Would you please return the lines of the entries below starting at the line that has "甘肅普安制藥股份有限公司20" and ending at the line that has "Настенный поворотно-наклонный кронштейн", both included, exactly as they are?

(MATERIAL TO PROCESS)
/---

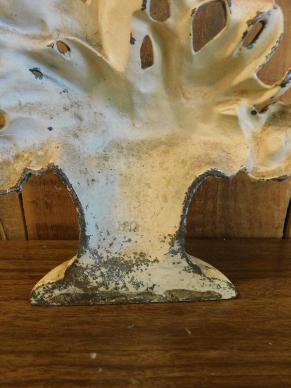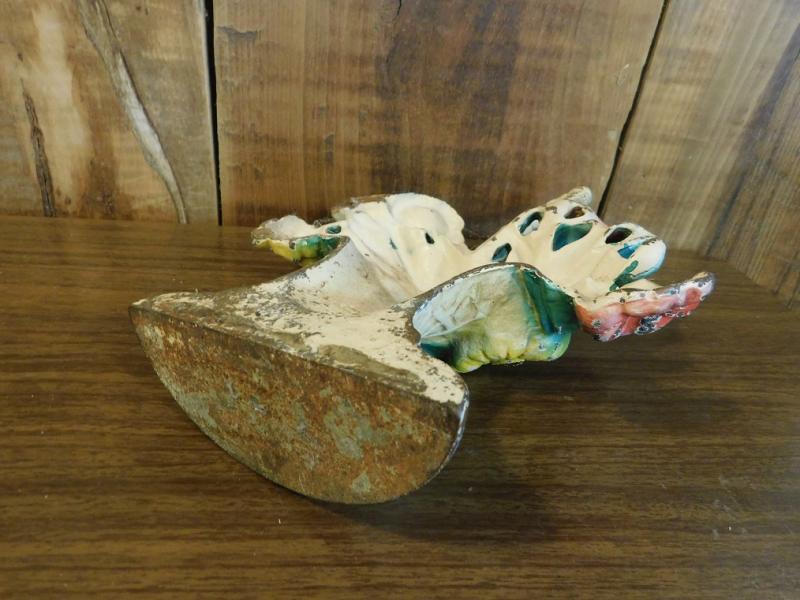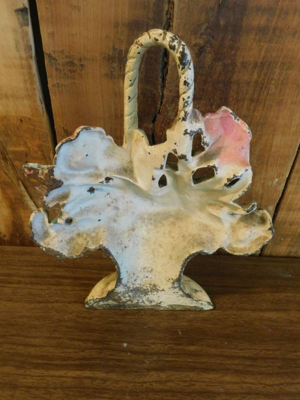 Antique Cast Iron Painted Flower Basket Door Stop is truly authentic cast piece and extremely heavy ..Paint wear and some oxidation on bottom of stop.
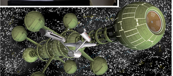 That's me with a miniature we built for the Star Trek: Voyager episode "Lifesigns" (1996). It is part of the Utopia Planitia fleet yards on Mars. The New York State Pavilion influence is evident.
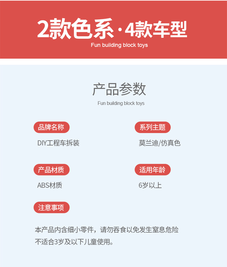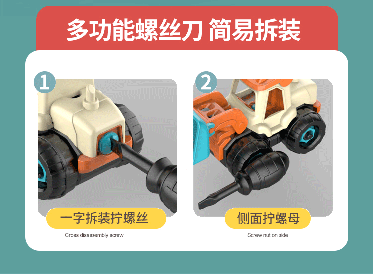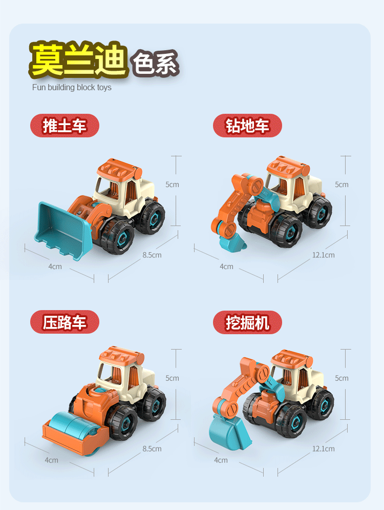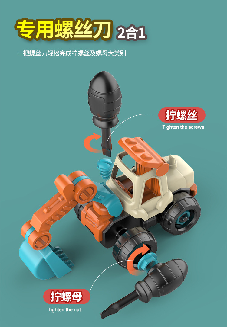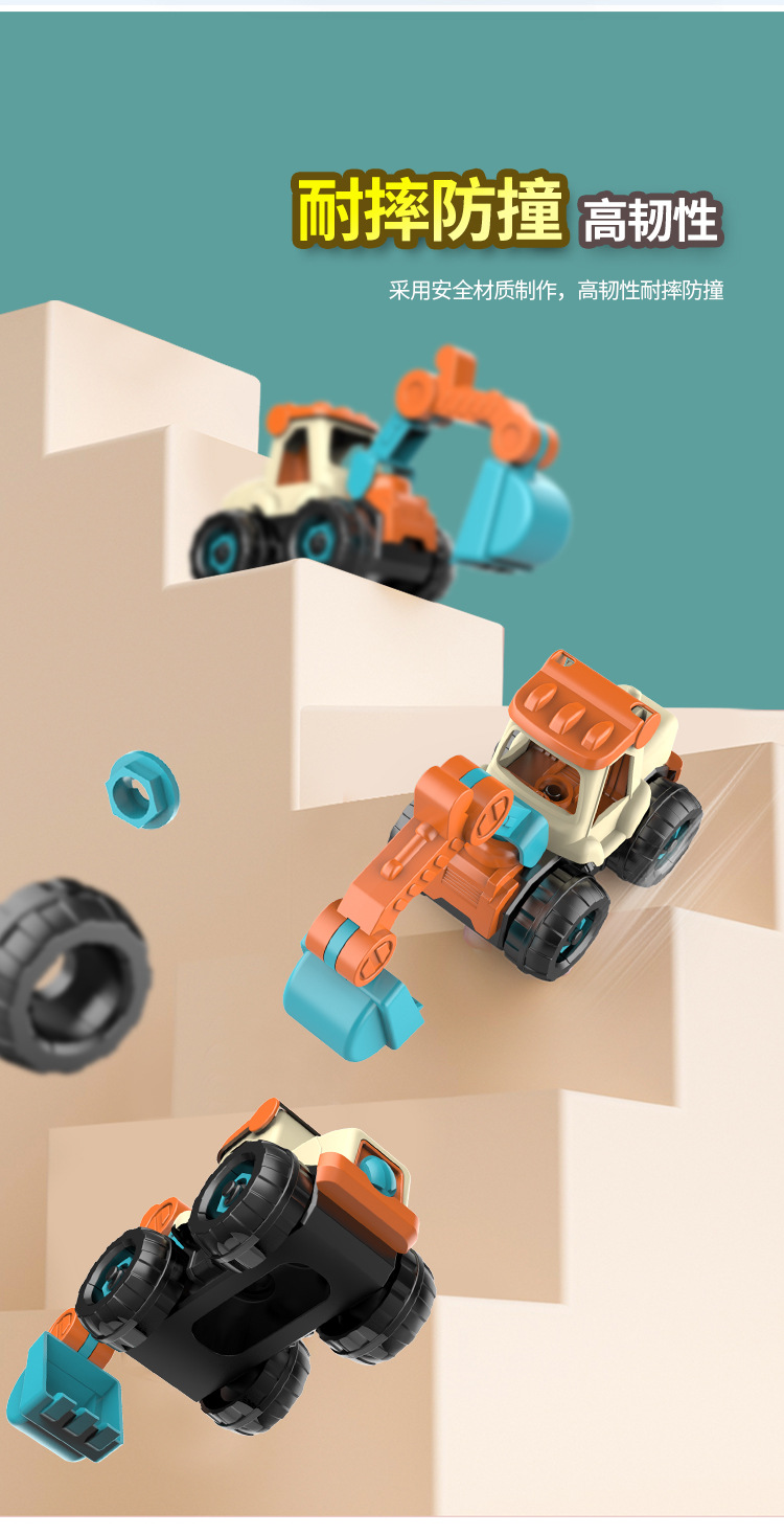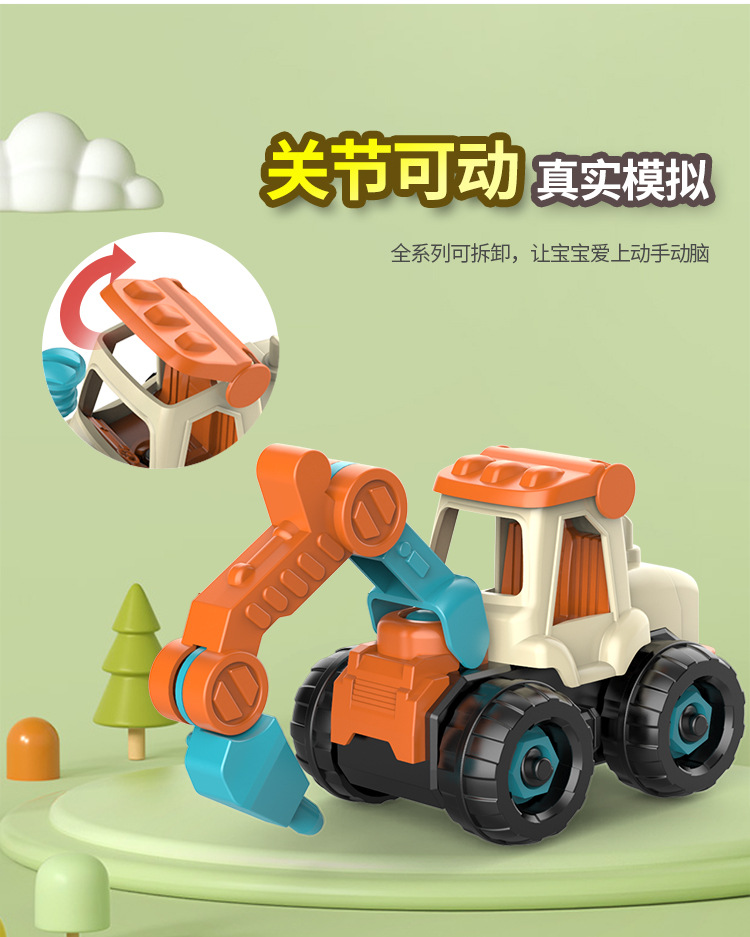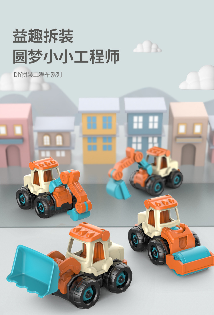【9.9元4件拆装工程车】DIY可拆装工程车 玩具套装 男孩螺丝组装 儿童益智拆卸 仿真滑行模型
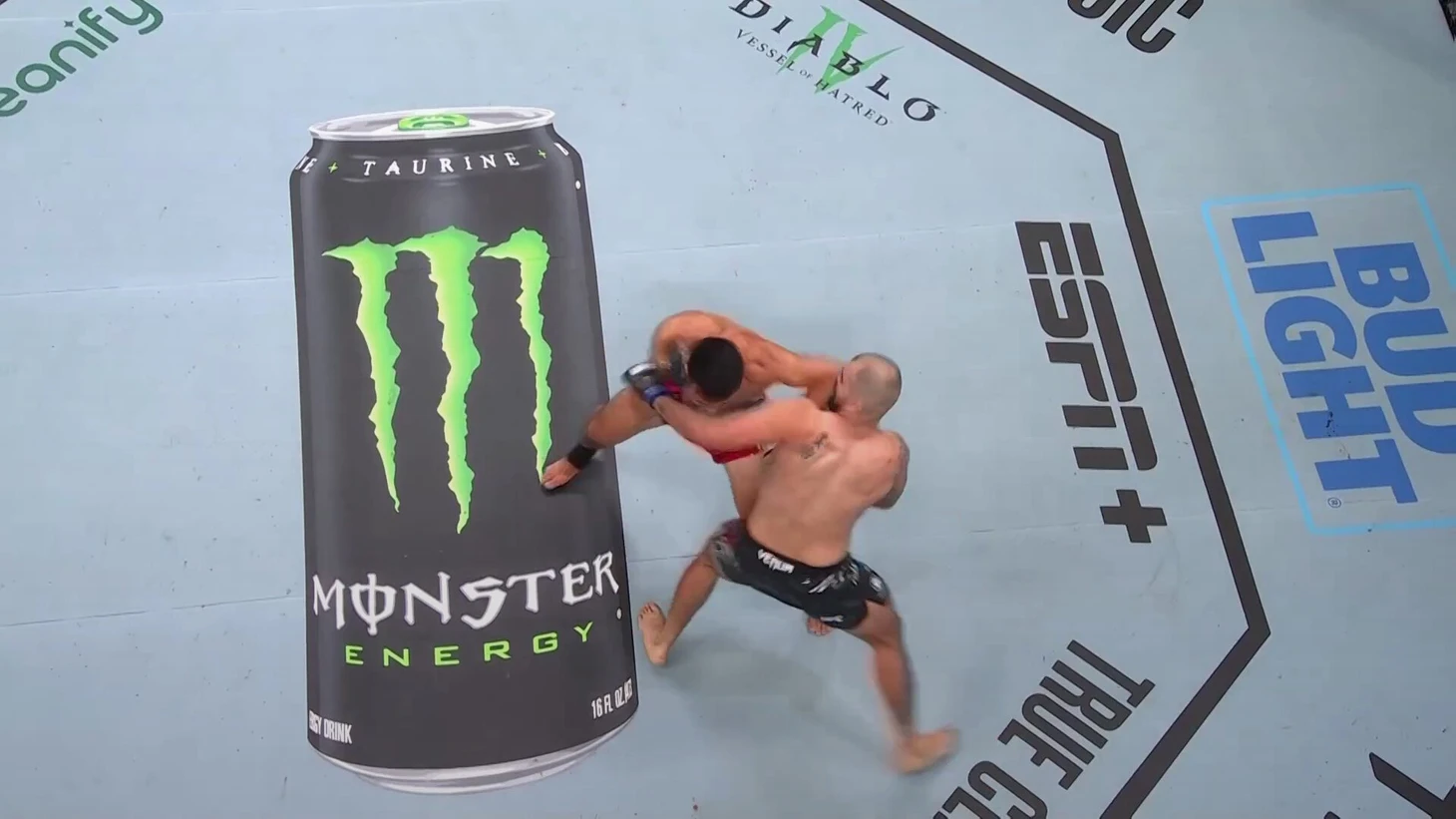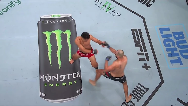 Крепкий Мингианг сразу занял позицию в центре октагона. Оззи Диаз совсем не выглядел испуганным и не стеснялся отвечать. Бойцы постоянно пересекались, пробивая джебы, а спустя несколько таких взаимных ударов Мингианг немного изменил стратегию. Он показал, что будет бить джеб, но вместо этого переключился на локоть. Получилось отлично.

\---
/---

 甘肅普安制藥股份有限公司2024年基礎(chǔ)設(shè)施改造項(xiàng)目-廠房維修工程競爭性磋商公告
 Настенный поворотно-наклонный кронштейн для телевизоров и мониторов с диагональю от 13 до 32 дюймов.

\---

(SOLUTION FOR THIS EXERCISE)
 甘肅普安制藥股份有限公司2024年基礎(chǔ)設(shè)施改造項(xiàng)目-廠房維修工程競爭性磋商公告
 Настенный поворотно-наклонный кронштейн для телевизоров и мониторов с диагональю от 13 до 32 дюймов.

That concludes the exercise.